Role of surface defects and anisotropy variation on magnetic properties of copper ferrite nanoparticles prepared by co-precipitation method

Abstract

Nanocrystalline Cu-ferrite samples were synthesized by co-precipitation method at two different pH. The samples were annealed at various temperatures ranging from 400 to 1000 °C in air for 3 h. Tetragonal Cu-ferrite was observed for the sample prepared at pH = 10.9, whereas the sample prepared at pH = 10.3 showed cubic Cu-ferrite, after annealing at 1000 °C. The average grain sizes were found to be 13 and 19 nm for the as prepared samples synthesized at pH = 10.3 and pH = 10.9 respectively, which was increased with the increase in annealing temperature. Spontaneous magnetization values increased with the decrease in surface defects, whereas coercivity and remanence ratio showed peaks with increase in annealing temperature. The highest magnetic moments of 1.6μB and 2.1μB per molecule were observed at 60K for the tetragonal and cubic Cu-ferrite samples respectively.

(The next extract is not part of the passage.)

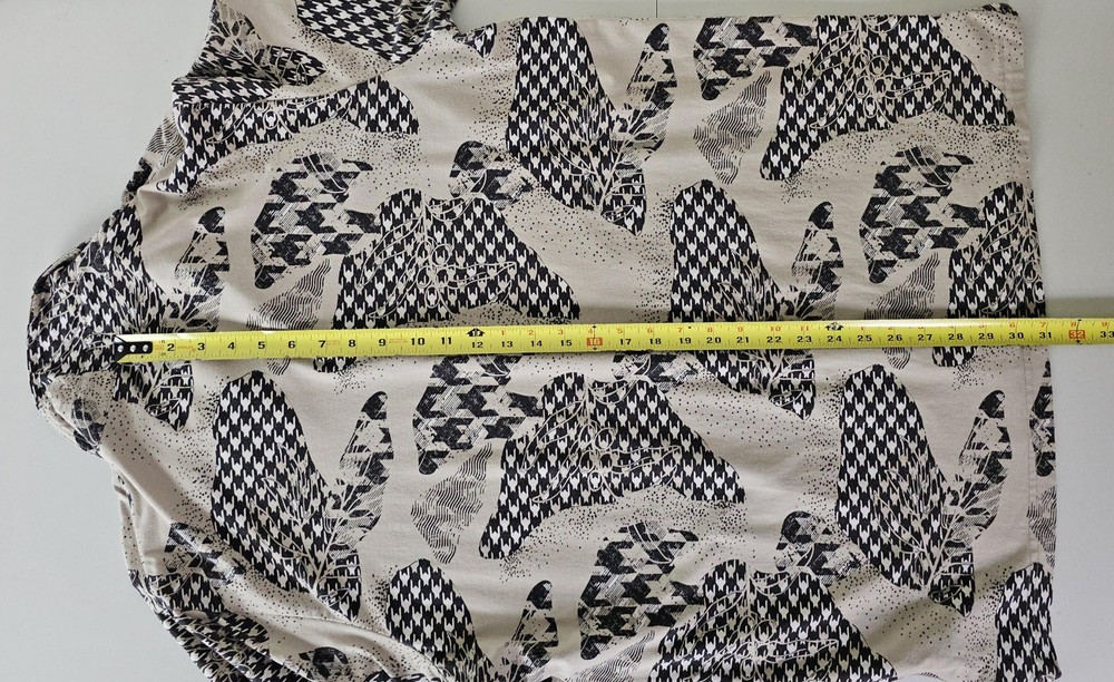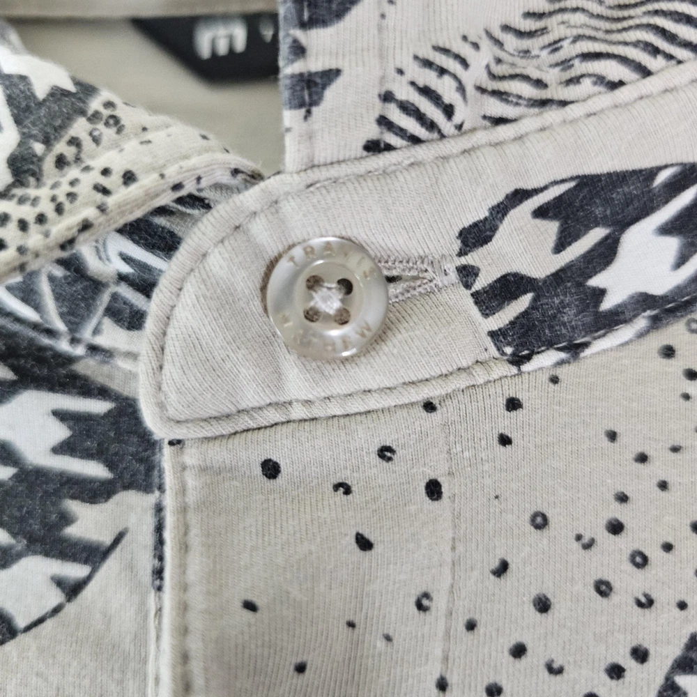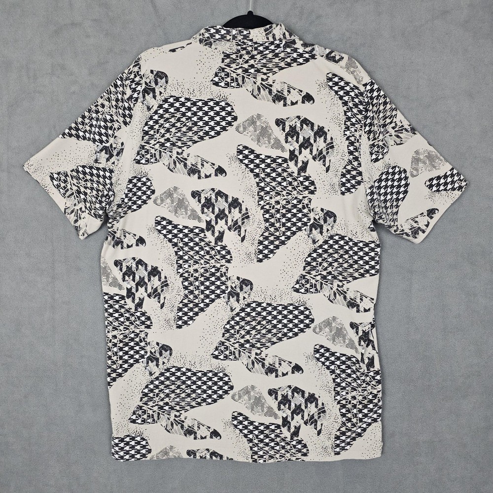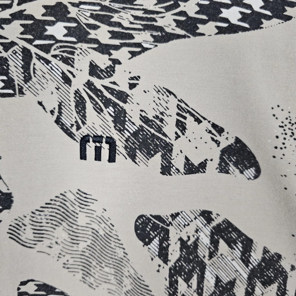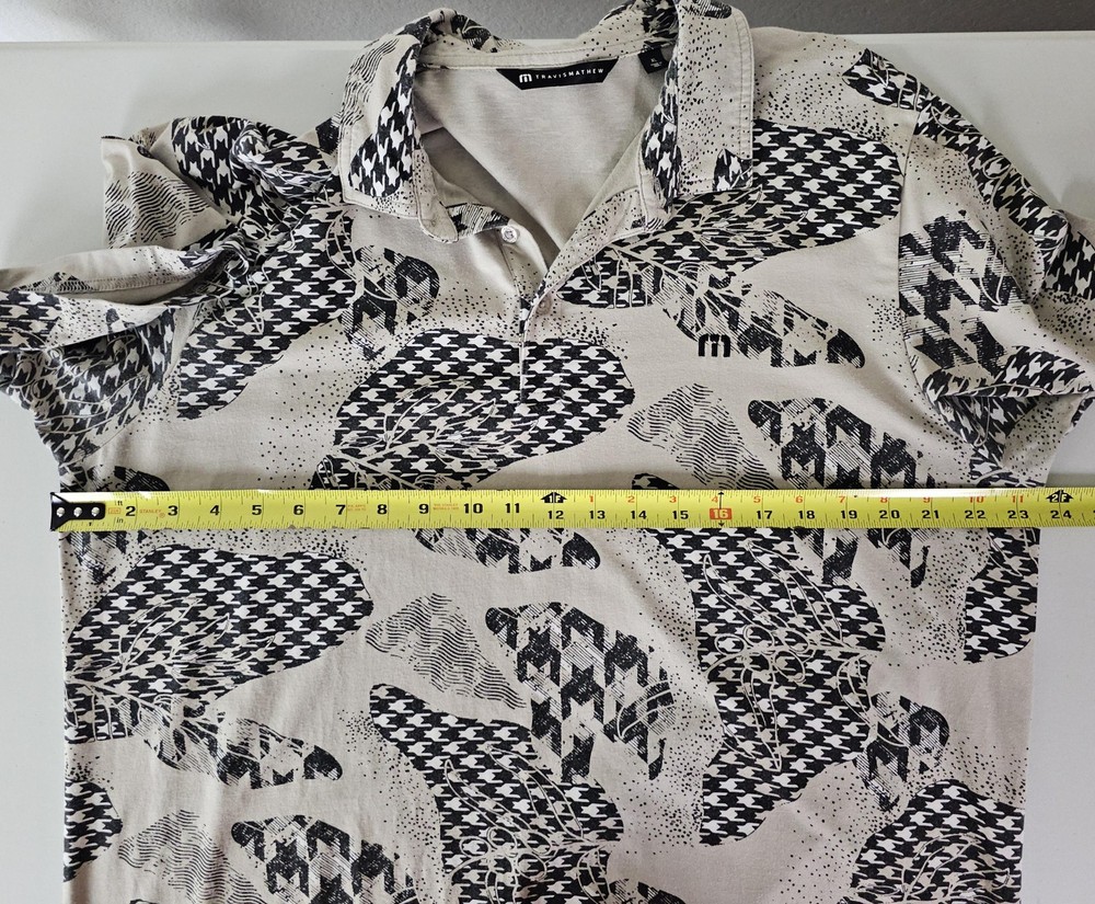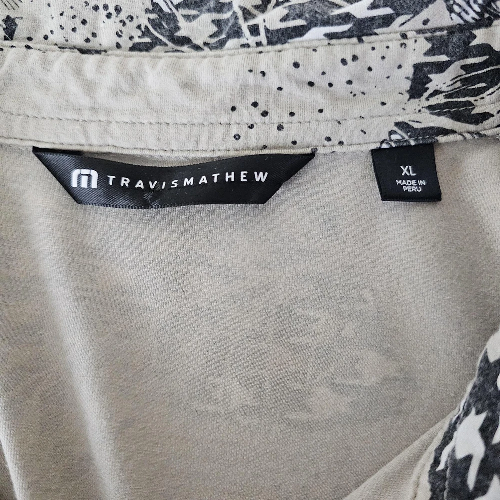 Travis Mathew Polo Shirt Mens XL Beige Abstract Graphic Golf Performance Casual Pre-owned with gentle overall wear and light wrinkling from wash and storage. Fabric, collar, placket, buttons, and hems are clean, intact, and fully functional. All-over graphic print and embroidered chest logo are sharp without cracking, fading, stains, or holes. Brand: TravisMathew. Style: Mens short sleeve polo golf shirt with a casual performance-inspired design. Color and pattern: Beige base with black and gray abstract graphic print featuring mixed houndstooth-style shapes throughout. Gender: Mens. Tag size: XL. Fabric and texture: Soft lightweight jersey knit fabric with comfortable stretch suitable for activewear and everyday wear. Neckline and collar: Classic point collar with a three-button front placket. Sleeves: Short sleeves with standard turned hems. Logo and branding details: Small embroidered TravisMathew "m" logo at the front, branded button at the placket, and woven TravisMathew neck label. Occasion and use: Designed for golf, activewear, and casual outings in spring and summer seasons. Country of manufacture: Made in Peru, as stated on the interior size tag. Special note: Listing is for the polo shirt only. MShirt16

The highest anisotropy constant (K) of 4.98 × 103 and 16.0 × 103 J/m3 was observed at 60K for the sample prepared at pH = 10.3 and pH = 10.9 respectively. The nonsaturation parameter varies similarly with coercivity and anisotropy constant in these nanoparticle samples. The structural transformation, decrease in surface defects, and anisotropy variation with increasing annealing temperature and grain growth explains the observed magnetic properties.